--- Available data Enclosed Below ---

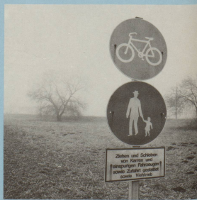
... er glaubt nicht, dass das schon alles war.
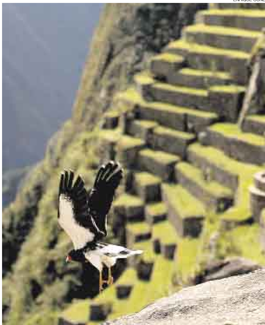
MÁS TURISTAS. Tomando las debidas precauciones se puede realizar un mejor viaje.

Por otro lado, como parte del lanzamiento de dicha campaña, la embajadora Nettleton, dejó conocer que para este año se esperaba alrededor de 78 mil turistas británicos, lo cual significaría una cifra 11% mayor en comparación con la del año pasado. "Los británicos se sienten muy interesados por conocer
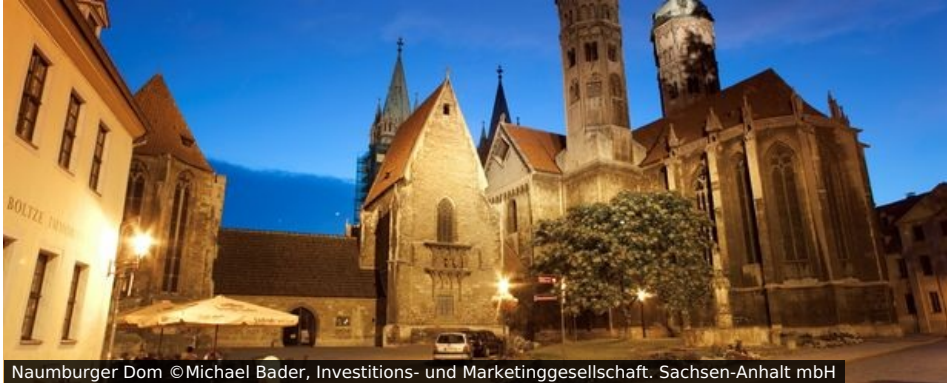
Naumburger Dom
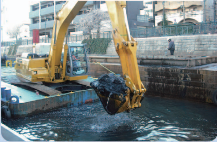
堆積したヘドロの除去
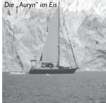
Die „Auryn“ im Eis

Die mitreißenden Erzählungen sind gespickt mit faszinierenden Fotos und Skizzen der einzelnen Törnabschnitte. Eintritt € 6,- mit gültiger Gästekarte (ohne Gästekarte € 8,-)
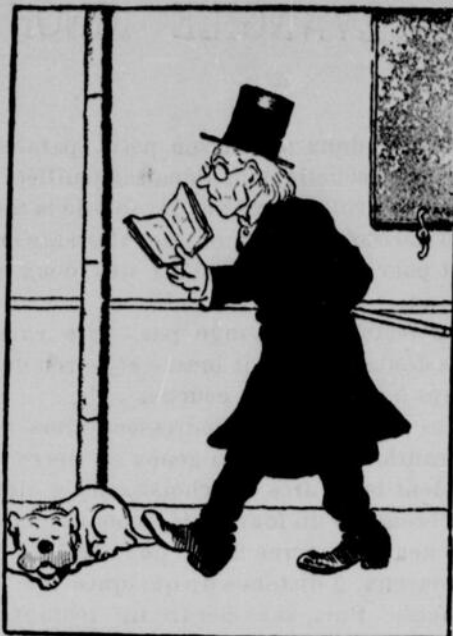
Le savant (qui repasse son Buffon avant le cours).—Le chien est...

--- End of Enclosed Available data ---

Return the full material word for word. Do not include the pictures.

... er glaubt nicht, dass das schon alles war.
MÁS TURISTAS. Tomando las debidas precauciones se puede realizar un mejor viaje.

Por otro lado, como parte del lanzamiento de dicha campaña, la embajadora Nettleton, dejó conocer que para este año se esperaba alrededor de 78 mil turistas británicos, lo cual significaría una cifra 11% mayor en comparación con la del año pasado. "Los británicos se sienten muy interesados por conocer
Naumburger Dom
堆積したヘドロの除去
Die „Auryn“ im Eis

Die mitreißenden Erzählungen sind gespickt mit faszinierenden Fotos und Skizzen der einzelnen Törnabschnitte. Eintritt € 6,- mit gültiger Gästekarte (ohne Gästekarte € 8,-)
Le savant (qui repasse son Buffon avant le cours).—Le chien est...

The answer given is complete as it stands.